DNA fragments extracted from archaeological human remains can be sequenced to identify the microorganisms that caused disease.Credit: Microgen/Getty
Over the past ten years or so, investigations of degraded or ‘ancient’ DNA have skyrocketed. By extracting DNA fragments from diverse sources —from human teeth and faeces to soil samples and ice cores — researchers have uncovered the stories of all sorts of organisms and ecosystems stretching back for millennia.
Investigators have used ancient genomics to discover the previously unknown Denisovan hominin, an evolutionary cousin and contemporary of Neanderthals that left hardly any fossil record; to identify which microorganisms caused human disease thousands of years ago; and to establish the geographical origins of domesticated plants and animals, including maize (corn) and horses1. Ancient genomics has also been used to reconstruct the composition of Pleistocene ecosystems that existed up to two million years ago2; and even to identify the wearers of ice-age jewellery3.
Most DNA sequence data are now archived in dedicated, publicly accessible databases, and the ancient DNA field has been heralded by some as a poster child for best practices in genetic data sharing4,5. However, as the pace of ancient DNA research has increased — largely thanks to the latest capabilities in DNA sequencing (see ‘A sampling surge’) — so, too, have problems with data archiving.
Source: https://doi.org/10.5281/zenodo.14203618. Analysis by A. Bergström et al.
Often, only some of the data obtained in any one study are uploaded to publicly available databases. Furthermore, the associated metadata — information on the age of the sample, where it was found, how the DNA was extracted and chemically treated, and so on — are frequently inaccurate or incomplete.
Here, we set out the nature of these problems and outline steps to overcome them, so that this astonishing record of the genetic past can be digitally preserved and used again and again.
Data loss
Ancient genomic data have been obtained from more than 10,000 humans6, some 700 microbes and viruses7 and, by our estimate, more than 2,000 plant and non-human animal samples.
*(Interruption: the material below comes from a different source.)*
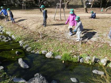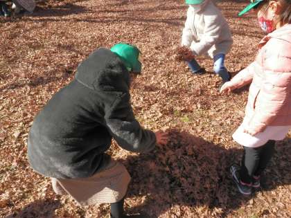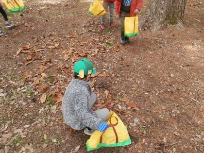 2学期に御所へ行って,秋の宝物を拾ったので「ありがとう」の気持ちを込めて,御所へ返しにいきました。「また秋になったら,遊びたいな」と言っている子もいました。その後,夏,秋と訪れた場所だったので「冬さがし」をしました。「風が冷たいよ」「木に葉っぱがついていないから,木が寒そうだね」「葉っぱがふかふかの毛布みたい」と言いながら,冬を感じることができました。それぞれの季節で,素敵なところをたくさん見つけることができていました。
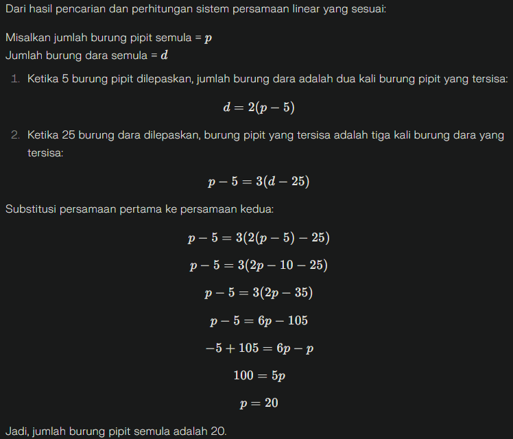 - Pada suatu penangkaran terdapat burung pipit dan burung dara. Ketika 5 burung pipit dilepaskan, jumlah burung dara dua kali burung pipit yang tersisa. Kemudian, ketika 25 ekor burung dara dilepaskan, burung pipit yang tersisa adalah 3 kali burung dara yang tersisa. Jumlah burung pipit semula adalah...

At least 2,200 ancient host-associated and environmental microbiomes (communities of microorganisms) have been sequenced7 (see also go.nature.com/3bcaxtv).
One major problem, however, is that not all sequences end up being archived.
Earlier this year, one of us (A.B.) assessed what data and metadata had been uploaded into publicly accessible databases by the authors of 42 studies of ancient DNA. All studies involved the analysis of ancient DNA extracted from humans or non-human animals, and had been published in 2021, 2022 or 2023 in the journals Nature, Science and Cell. In about half of the papers, researchers archived only those sequences that they had managed to align to a reference genome, such as that for ancient human remains, leaving no record of the unaligned sequences (see ‘A snapshot of data-archiving troubles’). This represents a permanent loss of data for more than 3,000 ancient samples analysed in just these studies8.
Source: Ref. 8
It might seem that any sequence that does not align to the reference genome is irrelevant. But improvements in computational methods and more-complete reference genomes could enable researchers to align such sequences in the future. Also, even if some of the unaligned sequences are not from the species of interest, this does not mean that they have no scientific value. On the contrary, these sequences could be among the most interesting in the data set, especially if they originated from pathogenic microbes that infected the host.